However, machine learning remains a hard problem when implementing
existing algorithms and models to fit into a given application.
[0003] Training and testing deep models remains challenging not
only because a huge amount of data needs to be consumed before a
good model is trained, but also because hyperparameters (e.g., the
parameters used to configure a machine-learning model) are critical
and hard to find for model training. Often, there are many
hyperparameters that must be optimized. For instance,
hyperparameters may include the number of hidden layers, the number
of hidden nodes in each layer, the learning rate with various
adaptation schemes for the learning rate, the regularization
parameters, types of nonlinear activation functions, and whether to
use dropout. Finding the correct (or the best) set of
hyperparameters is a very time-consuming task that requires a large
amount of computer resources.
BRIEF DESCRIPTION OF THE DRAWINGS
[0004] Various ones of the appended drawings merely illustrate
example embodiments of the present disclosure and cannot be
considered as limiting its scope.
[0005] FIG. 1 is a block diagram illustrating a networked system,
according to some example embodiments, including a social
networking server.
[0006] FIG. 2 is a screenshot of a user feed that includes items in
different categories, according to some example embodiments.

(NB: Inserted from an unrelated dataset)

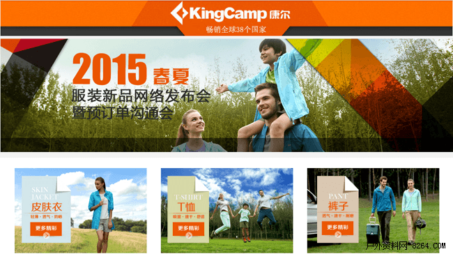 自驾露营装备知名品牌KingCamp,由徐国庆创立于2002年,目前已畅销全球38个国家,经销商遍布全球各地区。为更好满足多区域经销商的订货需求,KingCamp于2014年10月10日,创新性召开2015春夏服装新品网络发布会,这一天,KingCamp精心搭建的官网发布平台面向其全体经销商开放,并接受新品预定。

[0007] FIG. 3 illustrates the training and use of a
machine-learning program, according to some example
embodiments.
[0008] FIG. 4 illustrates a method for selecting hyperparameters,
according to some example embodiments.
[0009] FIG. 5 illustrates the model and the dataset for the
machine-learning program, according to some example
embodiments.
[0010] FIG. 6 is an architecture for model training, according to
some example embodiments.
[0011] FIG. 7 illustrates the model program executing on a graphics
processing unit (GPU) core, according to some example
embodiments.
[0012] FIG. 8 illustrates the task distribution by the modeling
manager, according to some example embodiments.
[0013] FIG. 9 is a flowchart of a method, according to some example
embodiments, for searching a hyperparameter value set for training
a machine-learning program.
[0014] FIG. 10 shows some example embodiments of test
experiments.
[0015] FIG. 11 is a block diagram illustrating a representative
software architecture, which may be used in conjunction with
various hardware architectures herein described.

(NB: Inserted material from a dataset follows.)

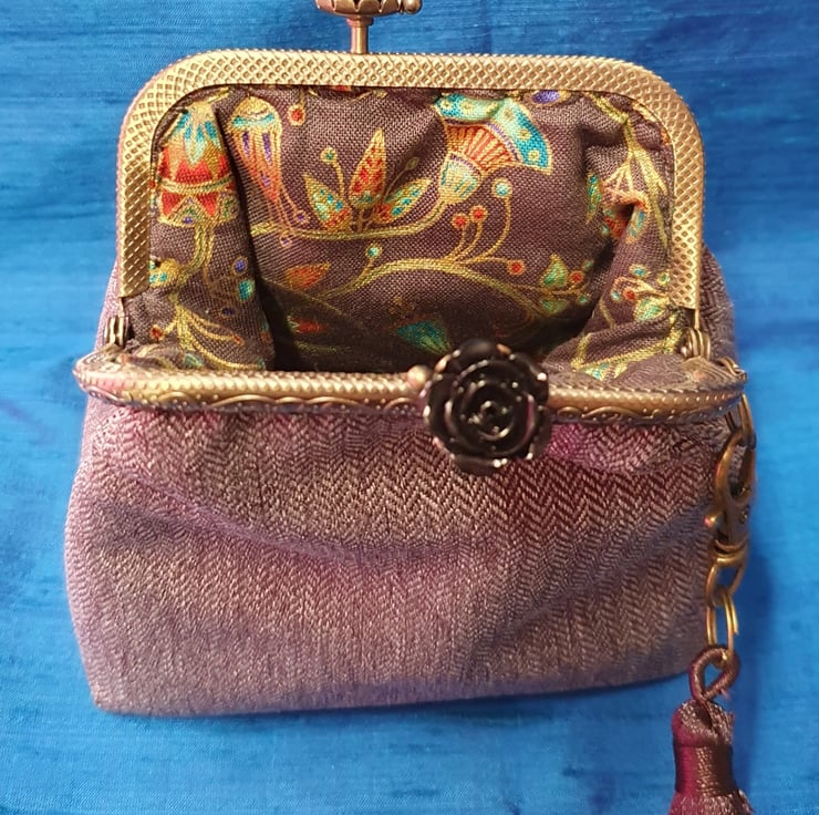 Metal frame is antique bronze colour with an unusual rose kiss lock clasp.

[0016] FIG. 12 is a block diagram illustrating components of a
machine, according to some example embodiments, able to read
instructions from a machine-readable medium (e.g., a
machine-readable storage medium) and perform any one or more of the
methodologies discussed herein.
DETAILED DESCRIPTION
[0017] Example methods, systems, and computer programs are directed
to searching a hyperparameter value set for training a
machine-learning program. Examples merely typify possible
variations. Unless explicitly stated otherwise, components and
functions are optional and may be combined or subdivided, and
operations may vary in sequence or be combined or subdivided. In
the following description, for purposes of explanation, numerous
specific details are set forth to provide a thorough understanding
of example embodiments. It will be evident to one skilled in the
art, however, that the present subject matter may be practiced
without these specific details.
[0018] Existing approaches for machine-learning training do not
address the high computation costs required for hyperparameter
search in large models, including having a great number of
hyperparameters trained with large amounts of data, which require
long training periods.
[0019] Finding the right model configuration for a specific
application, requires exploring the model performance by executing
multiple exploratory runs on many different hyperparameter
combinations. Each run is considered as a single model with a
single hyperparameter configuration, and the runs may be structured
sequentially or in parallel.
[0020] However, before drawing conclusions on the potential
hyperparameters, a large number of hyperparameter configurations,
which could be in the thousands, need to be tested. This
exploratory process takes a long time if run sequentially or when
using a parallel infrastructure with only a small number of runs
executing at the same time (e.g., using less than 20 machines).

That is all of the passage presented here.